Weight training, which is actually a type of strength training, seeks to improve the size and strength of skeletal muscles. To do this you use weighted bars, dumbbells, and weight stacks, among other equipment.
Benefits of circuit workouts
At each station, you’ll do up to 25 reps of one exercise and then quickly move on to the next. The stations may take 30 seconds to complete or up to 3 minutes, depending on the exercise.
For example, you may do 25 squats, then jump rope for 60 seconds, then hold a forearm plank for 1 ½ minutes, then switch to walking lunges, then do kettlebell swings, then biceps curls and so on, in a single training session.
Can I do this at home?
You can absolutely do at home circuit training. In fact, there are loads of training options and fitness classes available online and on DVDs because so many folks are committed to doing this in their own space rather than seeking out classes in gyms or studios.
Nowadays, at home circuit training is a totally viable workout option, not to mention the money you save by skipping that gym membership.
What’s great about these training workouts is that you can add in any exercise you want: renegade row, goblet squats, overhead presses, bear crawls, squat jumps, etc. And at the end of the day, it’s a total body workout.
Do I need special equipment?
There’s no required equipment, which is a major reason to do this workout at home.
Of course, you can always add in dumbbells, kettlebells, resistance bands, etc., but you can also rely on your own body weight to provide all of the resistance you need to get a full-on workout. The only things you need are enough space to move freely, a bottle of water, and determination!
Do I need a trainer?
If you’ve never done anything like this before, you should absolutely check out introductory videos online. It’s super helpful to know what to expect and to become familiar with some of the terminology.

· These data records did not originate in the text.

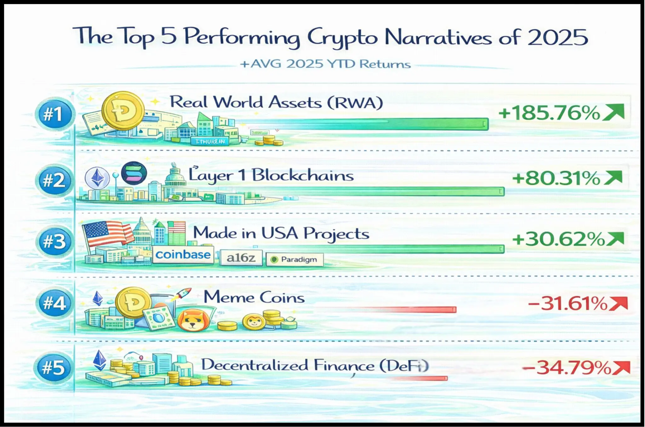 This is why the Top 5 Performing Crypto Narratives of 2025 look structurally different from earlier cycles. CoinGeckoâs year-end tracking ranked the narratives by average YTD price returns across leading tokens and found a stark split: only the top three narratives ended the year in positive territory: Real World Assets (RWA) +185.76%, Layer 1 Blockchains +80.31%, and Made in USA projects +30.62% while Meme Coins (-31.61%) and DeFi (-34.79%) finished negative. The implications are significant: 2025 rewarded narratives that could connect to real-world cash flows, regulatory clarity, and foundational infrastructure, and penalized narratives that relied too heavily on sentiment and liquidity bursts.
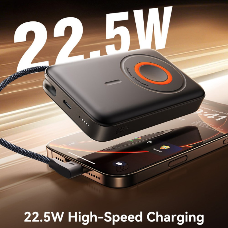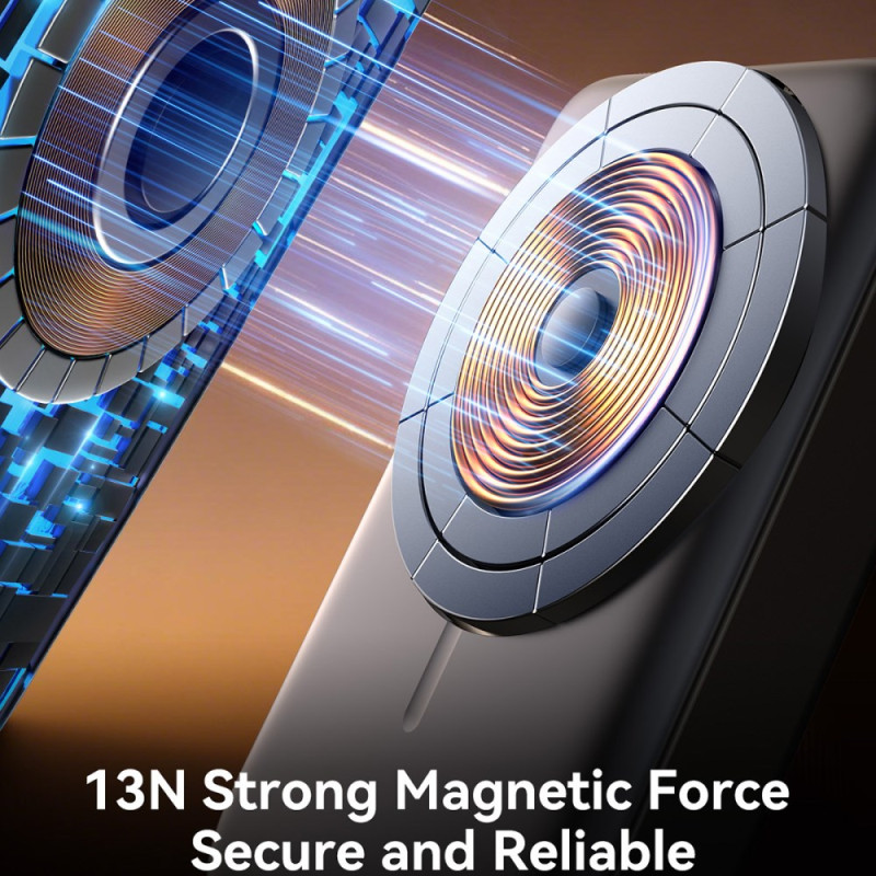 Ontworpen om een veilige, geïntegreerde stroomoplossing te bieden, herdefinieert deze JOYROOM 3-in-1 externe batterij gemak onderweg. Met zijn 10000mAh capaciteit, biedt het bijna twee volledige oplaadbeurten voor vlaggenschip modellen. Hij levert 22.5W supersnel oplaadvermogen, via de Type-C poort of de geïntegreerde kabel, en ondersteunt 15W draadloos opladen. De 13N magnetische bevestiging zorgt voor een stabiele verbinding. Dankzij de 360° draaibare ringstandaard kun je hem gemakkelijk dragen en handsfree bekijken. Dit model heeft 9 beschermingslagen en voldoet aan de luchtvaarteisen voor veilig transport.
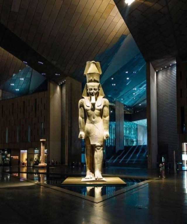 ومنذ ذلك الحين، تحوّل تمثال رمسيس الثاني إلى رمز مدخل المتحف، حيث صُممت ساحة الاستقبال لتضعه في محور بصري مدهش يجعل الزائر يراه أول ما تطأ قدماه المتحف. تقف خلفه الواجهة الزجاجية العملاقة التي تعكس صورته في النهار وتُضيئه ليلاً، في مزيج فني يربط بين الماضي والحاضر.

In addition, before you dive in, make sure you understand the proper way to do each exercise; you won’t be getting into shape if you aren’t doing the moves correctly.
What does a circuit routine look like?
The key to a good circuit routine is to work one muscle group while another muscle group rests.
In other words, you could start with triceps-dips followed by lunges, followed by pull-ups, without resting in between. Ideally, you have 8-10 stations to complete, which you can repeat as often as you like.
For example, here is what an 8-station circuit might look like:
You would figure out how many of each exercise to do in order to work out for a minimum of 20 minutes. Obviously, the number is different for everyone because it depends on your skill and fitness levels.
If at any point you feel the exercises are too easy, go ahead and add free weights. Remember, with added weight, you should expect to do fewer reps than before.
What’s not to like?
Whether you’re hoping to whip yourself into shape this summer or simply spice up your current workouts, circuit training is definitely worth trying. Incorporating a circuit training workout into your daily schedule together with healthy eating can help you transform your body.
Since you can tailor the exercises to match your skill level, it’s a great option for both beginners and hard-core athletes. What’s more, it’s one of the most efficient total body workout programs that’s well-suited to a home gym or even your very own living room. In other words, what’s stopping you from giving it a try?